Bug 58348

Summary: Add support for copying rows
Product: POI Reporter: Javen O'Neal <onealj>
Component: SS CommonAssignee: POI Developers List <dev>
Status: NEW ---    
Severity: enhancement CC: fleming
Priority: P2 Keywords: PatchAvailable
Version: unspecified   
Target Milestone: ---   
Hardware: PC   
OS: Linux   
Bug Depends on: 58350, 58439, 58441, 58442, 58572    
Bug Blocks:    
Attachments: Test case workbook
Progress made so far on adding copyRows to XSSF
Progress made so far on adding copyRows to XSSF
[PATCH] copyRows implemented for XSSFWorkbooks

Description Javen O'Neal 2015-09-08 23:05:23 UTC
I am currently working adding the ability to copy rows within POI. I've seen a number of partial solutions online[1][2], but none shift formula references, which is what I need.
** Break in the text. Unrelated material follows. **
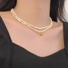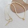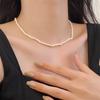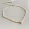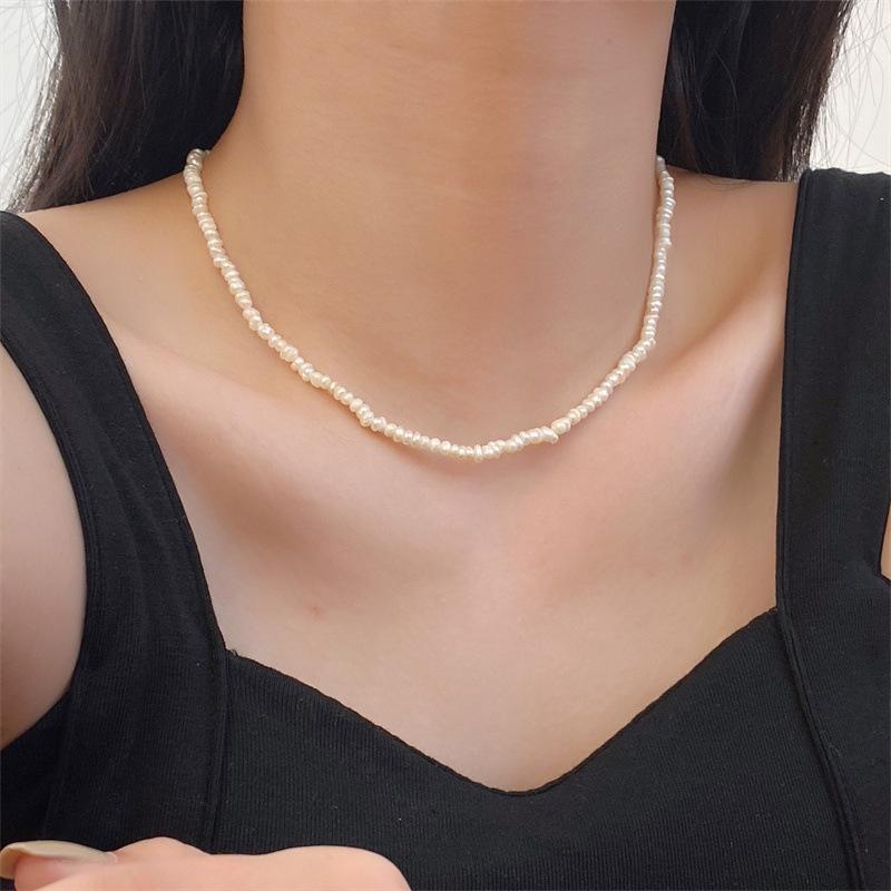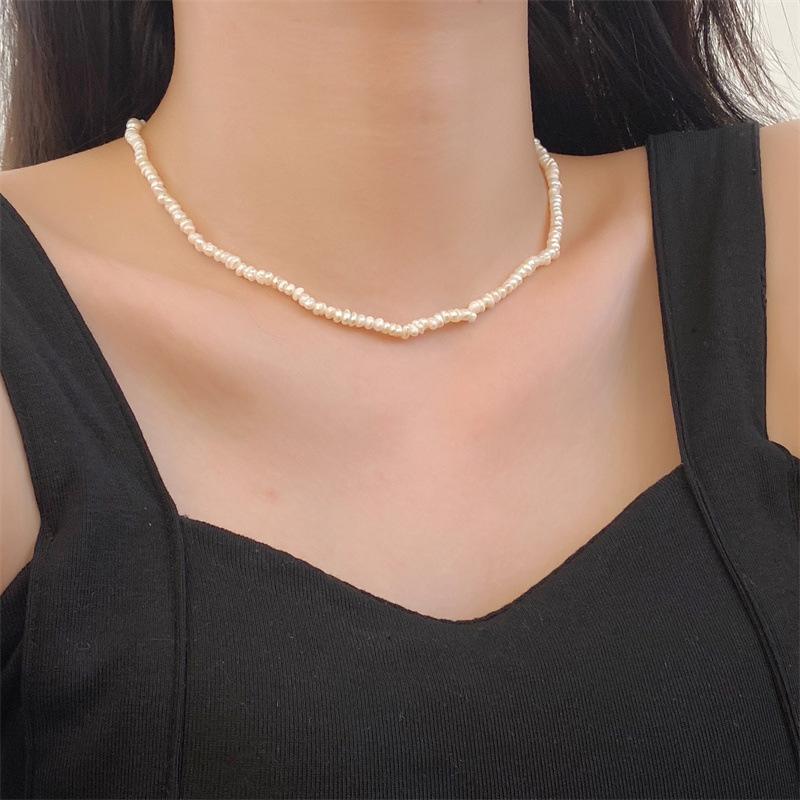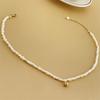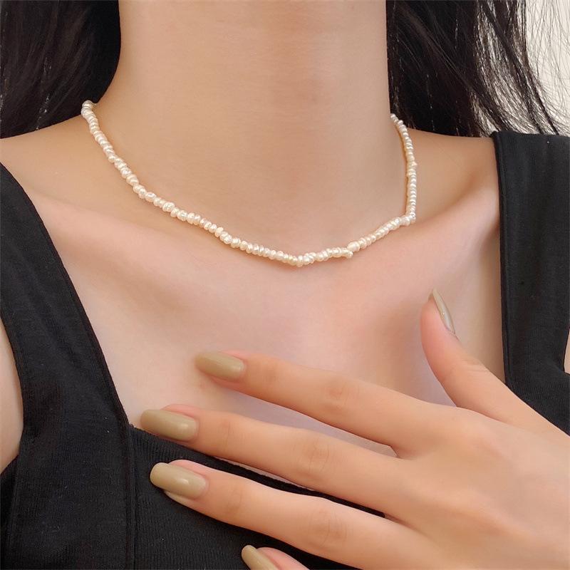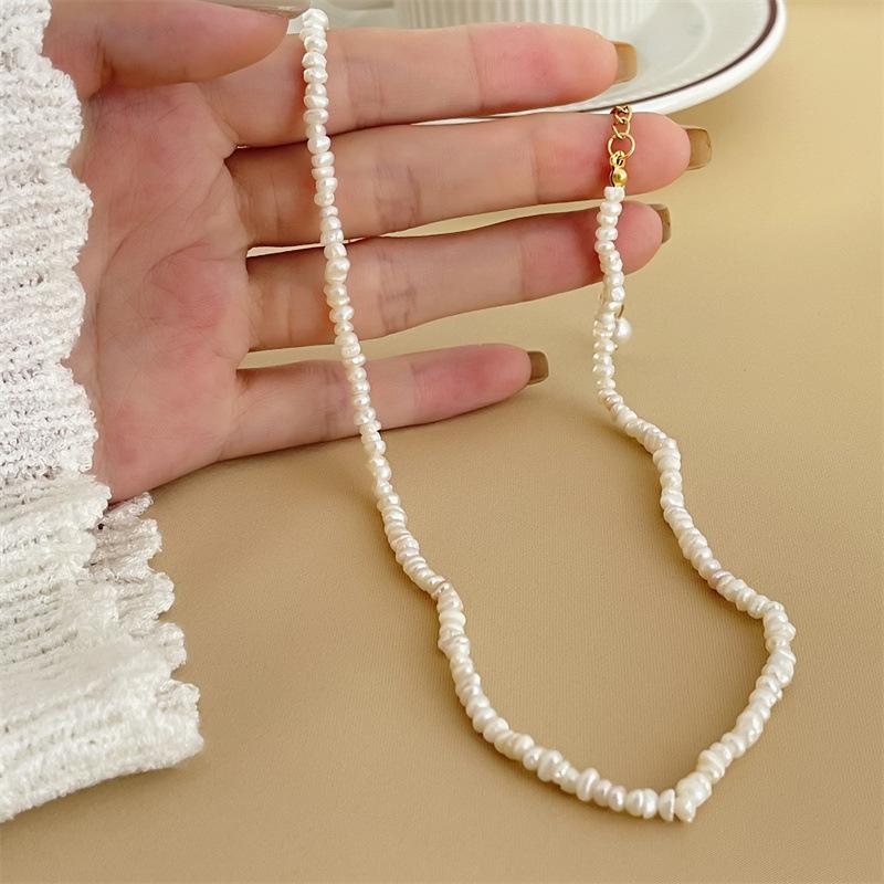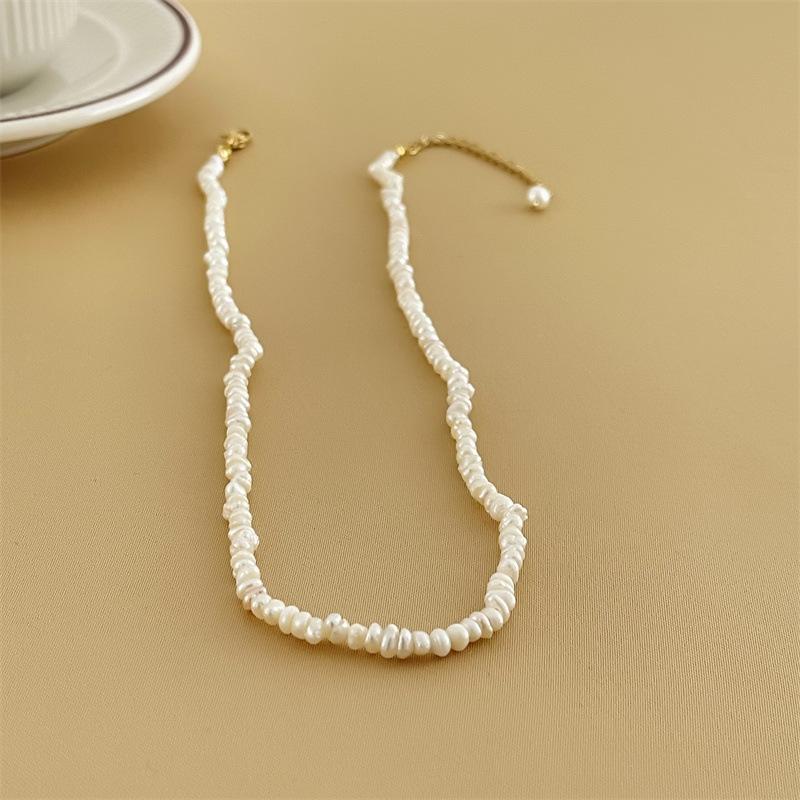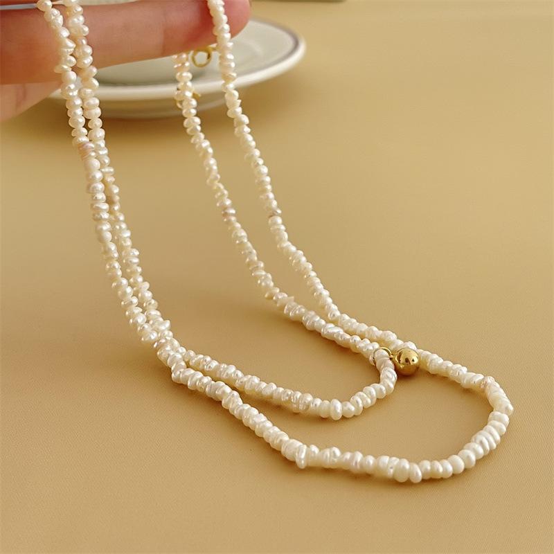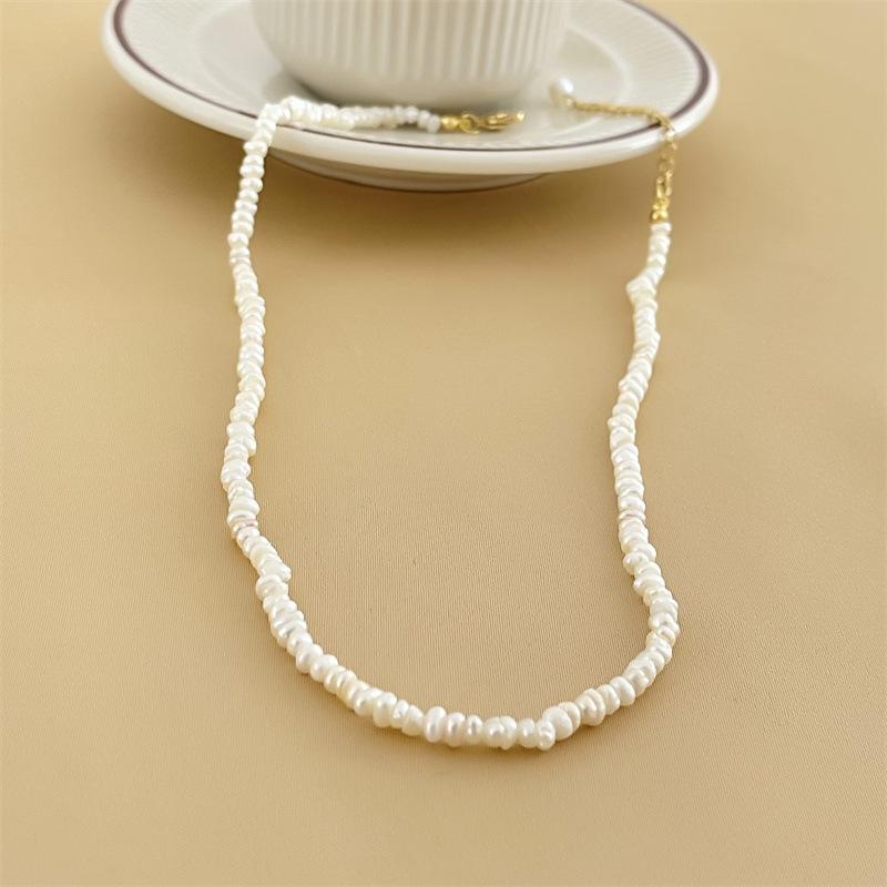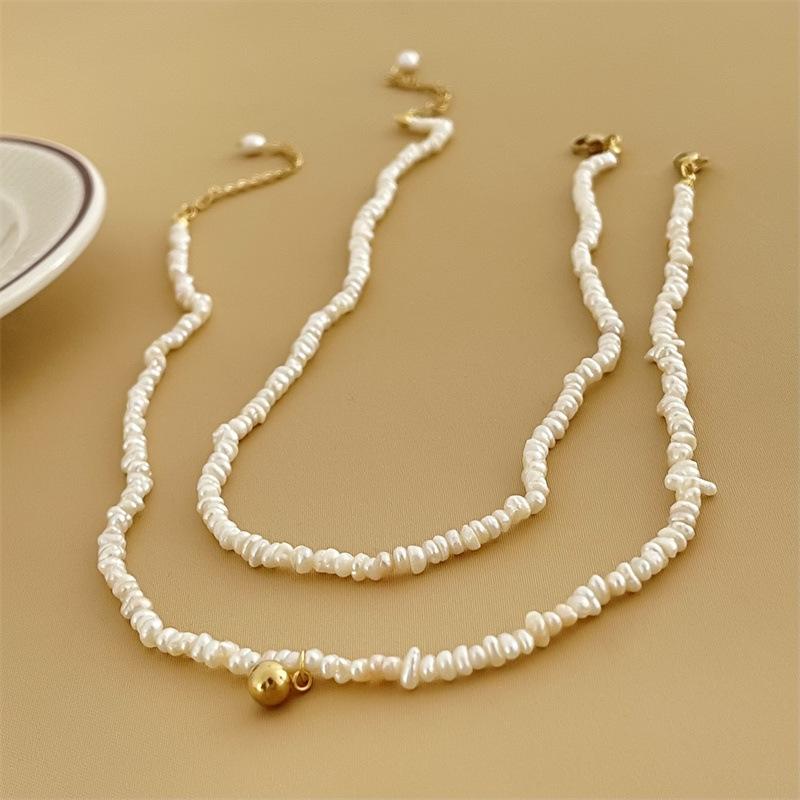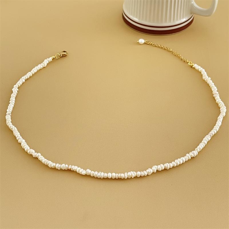 Gargantilla vintage de cuentas de arroz y frijoles dorados, cadena de clavícula de acero de titanio, collar de perlas naturales de agua dulce, collar de bolas de oro pequeñas para mujer
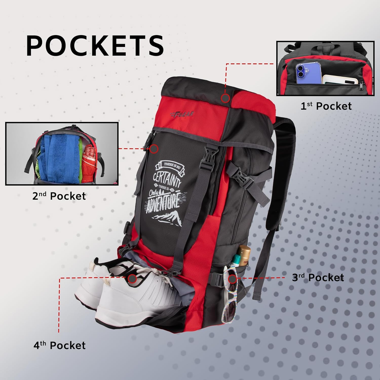 Introducing the F Gear Ridge rucksack, the ideal companion for outdoor enthusiasts who seek both functionality and durability. It features a main long zipper compartment for ample storage, a front pocket for easy access, and a separate shoe pocket at the bottom. With a side bottle holder and a side zipper pocket, it ensures convenient hydration and secure storage. The top hood pocket provides additional space, while the padded waist strap and back panel enhance comfort during extended use. Compression straps on both sides keep your belongings secure and stable. Ideal for hiking, traveling, or daily use, this rucksack is your go-to companion for all your adventures.

I figured this would be a good opportunity to write this into the POI API so others don't have to reinvent the wheel.

Here's the features I'm looking for:
* copies cell values
* copies cell styles
* copies cell formulas, offsetting relative cell references by the distance of the row copy
* copies array formulas
* copies merged cell regions
* copies row height
* copies conditional formatting
* copies tables, pivot tables
* copies hyperlinks
* copies cell comments

For all these options, if an option isn't copied, need to determine if the destination cell maintains its option (for example, cell style), or if the cell is reset to the default value for that option (no style).

Features that we probably don't want/need from shiftRows:
* update Named Regions
* updates formula references that referred to the source range to refer to the target range

The API probably needs to allow the user to choose what gets copied (paste as value only, paste formulas only, paste styles only, paste without styles, etc).

Considerations:
* Needs to have consistent API between HSSFWorkbook, XSSFWorkbook, and SXSSFWorkbook.
* API should allow copying a continuous or discontinuous list of rows from a different sheet or different workbook into existing sheet.
* What is the desired behavior for copying discontinuous rows? Would destination rows be continuous, or would discontinuities be copied over. If we disallow discontinuous row copies, developer would need to make multiple copyRows calls. This seems acceptable.
* What is the desired behavior for how to copy non-monotonic discontinuous rows? Is it okay to not support this?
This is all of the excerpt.